### Exercise objective
For this exercise, output the entries below exactly from the line that holds "在影像方面,華為P50 Po" to the line that holds "gift. surprise. solution.", both ends included. No pictures belong in the copy.

[Stored records]
══════════════════════════════

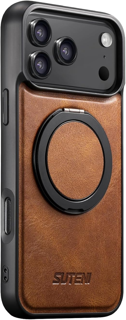 JCGOOD iPhone 17 Pro ケース MagSafe対応 背面隠し収納式リング付き スタンド機能 360度回転横縦両角度調整 落下防止 いphone17pro ケース ワイヤレス充電対応 車載ホルダー アイフォン17 プロ カバー滑り止め レザー スマホケース軽量薄型耐衝撃保護アイホン17プロ 用 ブラウン a
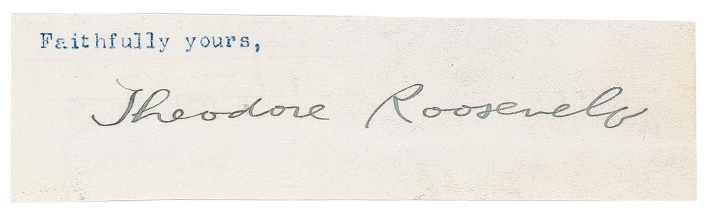 Ink signature, “Theodore Roosevelt,” on an off-white 4.25 x 1.25 slip clipped from the closing of a TLS. A few light creases and a horizontal fold under signature, otherwise fine condition. Pre-certified John Reznikoff/PSA/DNA and RRAuction COA.
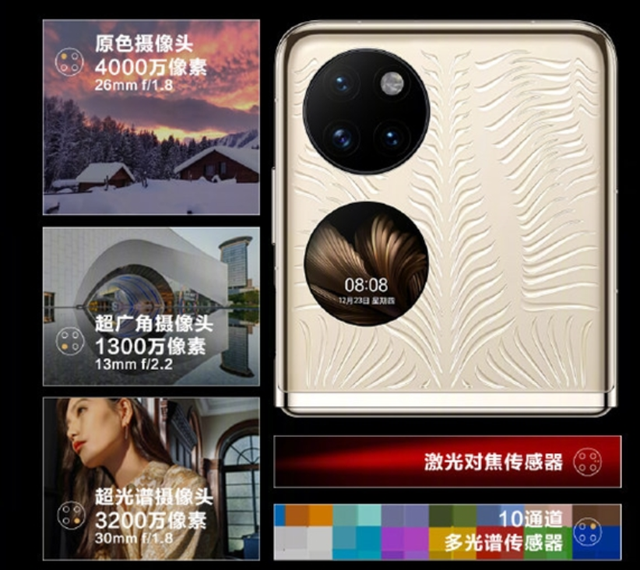 在影像方面,華為P50 Pocket后置配備了4000萬像素的主攝、1300萬像素超廣角以及3200萬像素的超光譜攝像頭,其中超光譜攝像頭能夠捕捉人眼看不到的色彩,可以拍攝出人眼看不到的色彩,拍攝出夢幻的感覺。
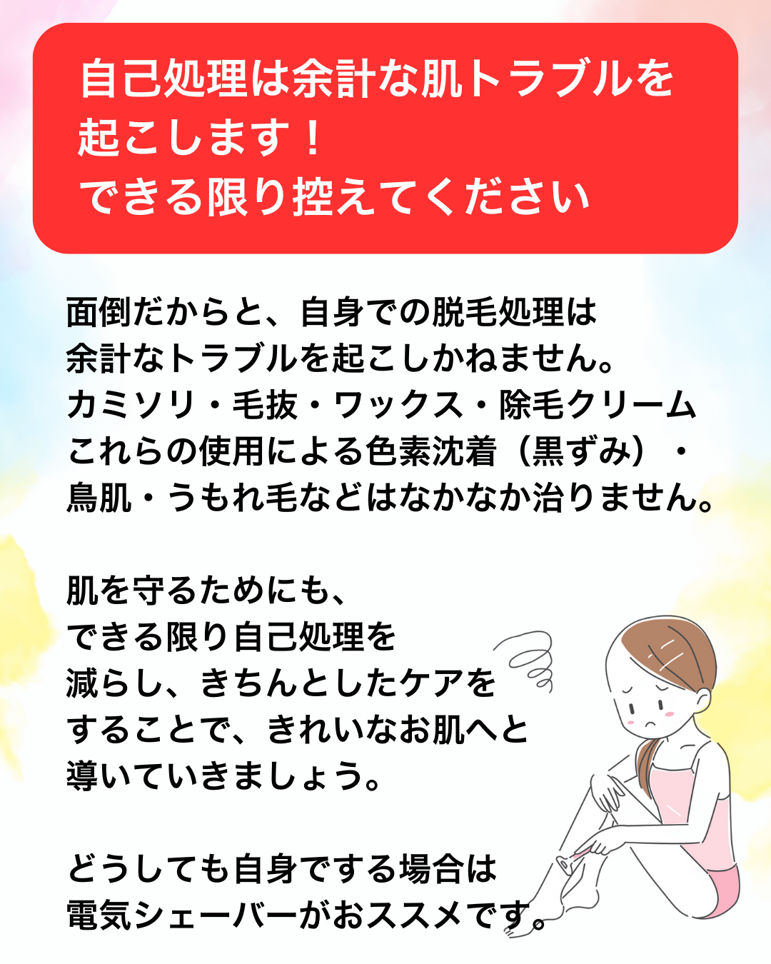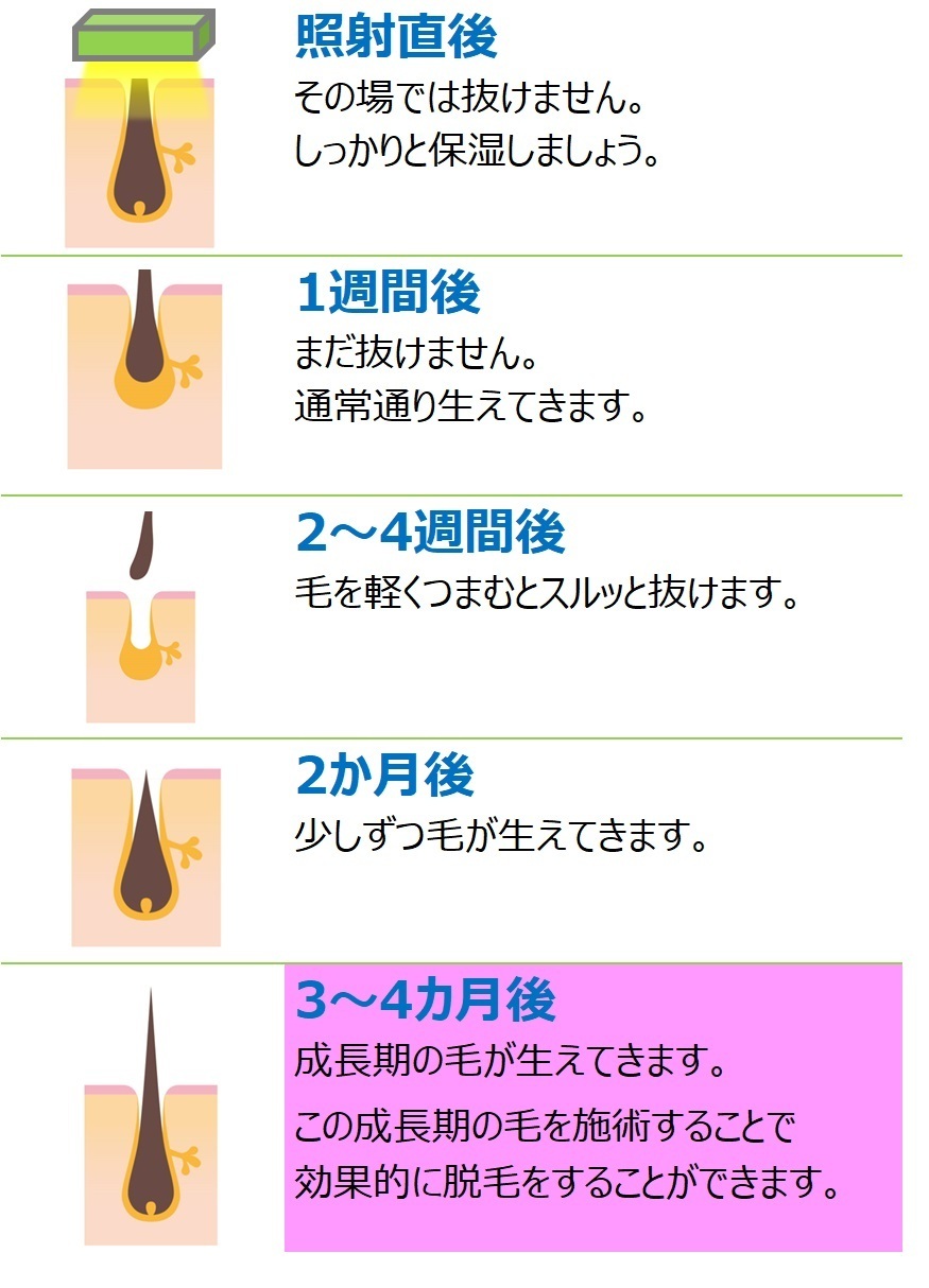ほとんどが産毛ですが、まれに太い毛が生える場合もあります。産毛には効果が分かりづらいこともありますが、回数を重ねてツルツル肌になると、透明感が増します。
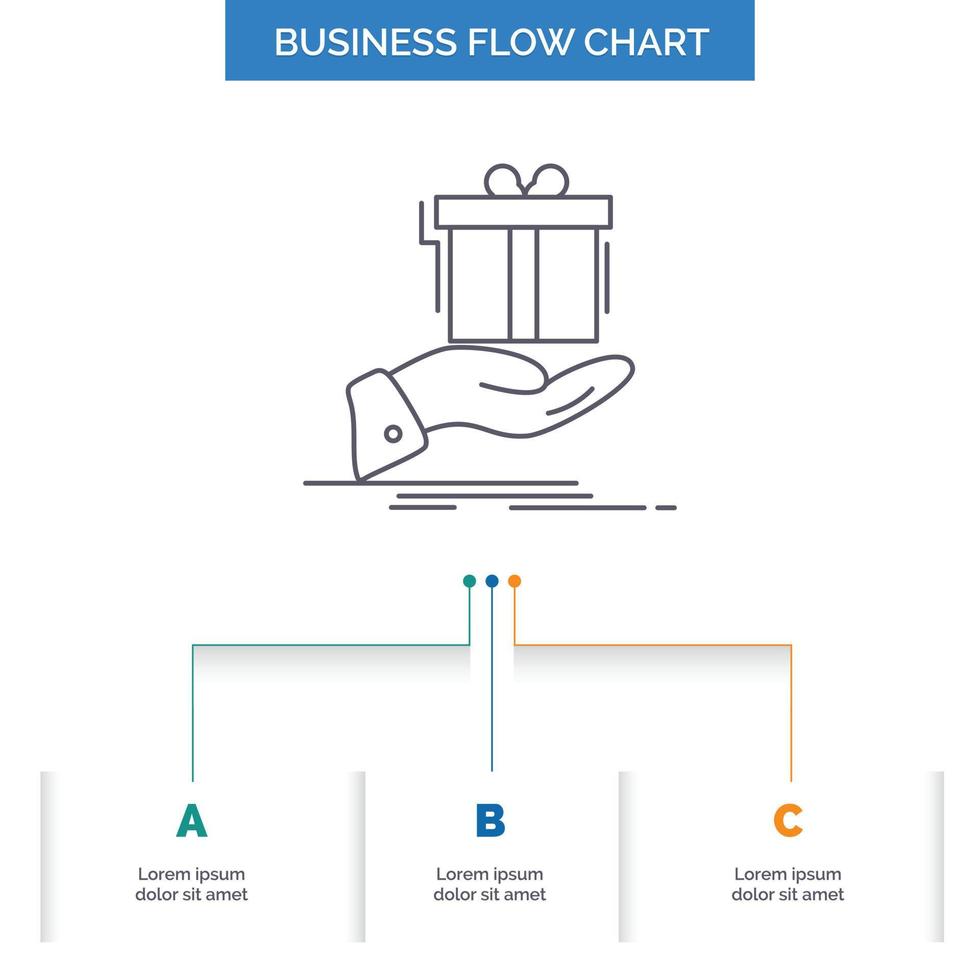 gift. surprise. solution. idea. birthday Business Flow Chart Design with 3 Steps. Line Icon For Presentation Background Template Place for text Free Vector
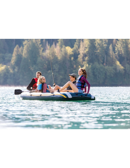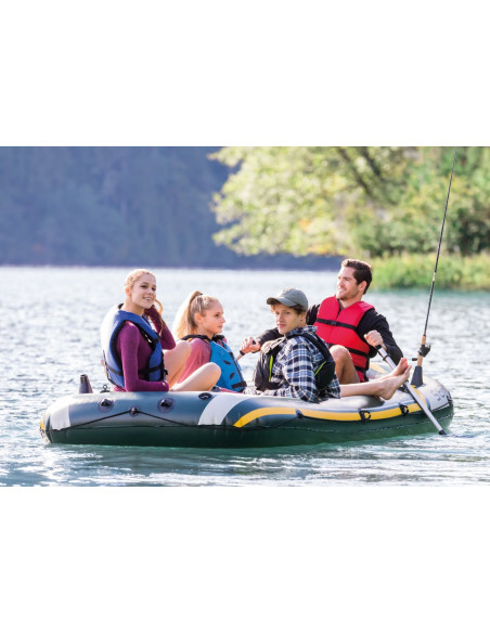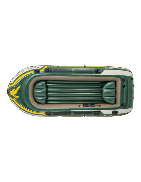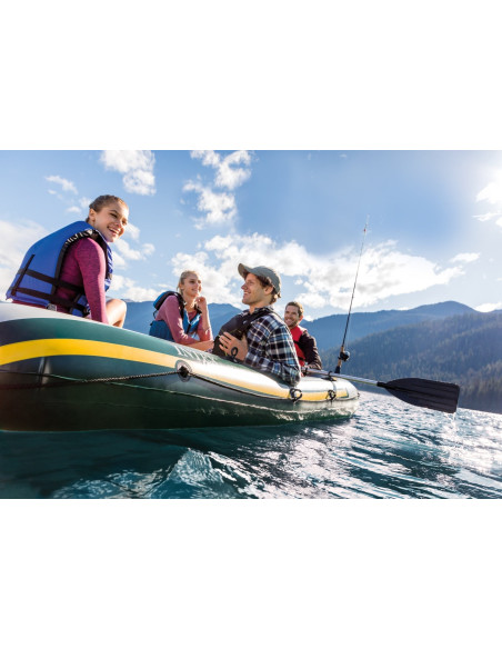 Il Seahawk 4 Intex è il gommone perfetto per rendere la vostra vacanza piena di emozioni, è l'ideale per divertenti escursioni, gite lungo laghi e fiumi per apprezzare la natura e la vita all'aria aperta. Progettato per 4 persone, costruito in resistente PVC, ha un fondo con travi a I, tre camere d'aria di cui una ausiliaria per garantire maggiore sicurezza. Che si tratti di una giornata a pesca o una gita rilassante sul fiume o sul lago, il gommone Seahawk 4 è l'imbarcazione ideale per rendere la vostra esperienza in barca emozionante, sicura e divertente. Accessoriato con 2 comodi cuscini per offrire comfort e stabilità durante la navigazione, l'imbarcazione è dotata di una pratica bitta di ormeggio a prua per assicurarla facilmente all'ormeggio, due valvole di gonfiaggio rapido Boston per gonfiare e sgonfiare velocemente il gommone, due porta canne da pesca, una borsa porta oggetti, il set di remi da cm. 138 e una pratica pompa manuale Intex completano la dotazione del Sea Hawk. La pesca e il relax non sono mai stati così facili. Con le dimensioni di cm. 351x145x48 il gommone è omologato con lo standard ISO 6185-1 NMMA ABYC. Per completare l'equipaggiamento sono inclusi gli attacchi per il montaggio del motore.

══════════════════════════════

### Exercise output
 在影像方面,華為P50 Pocket后置配備了4000萬像素的主攝、1300萬像素超廣角以及3200萬像素的超光譜攝像頭,其中超光譜攝像頭能夠捕捉人眼看不到的色彩,可以拍攝出人眼看不到的色彩,拍攝出夢幻的感覺。
ほとんどが産毛ですが、まれに太い毛が生える場合もあります。産毛には効果が分かりづらいこともありますが、回数を重ねてツルツル肌になると、透明感が増します。
 gift. surprise. solution. idea. birthday Business Flow Chart Design with 3 Steps. Line Icon For Presentation Background Template Place for text Free Vector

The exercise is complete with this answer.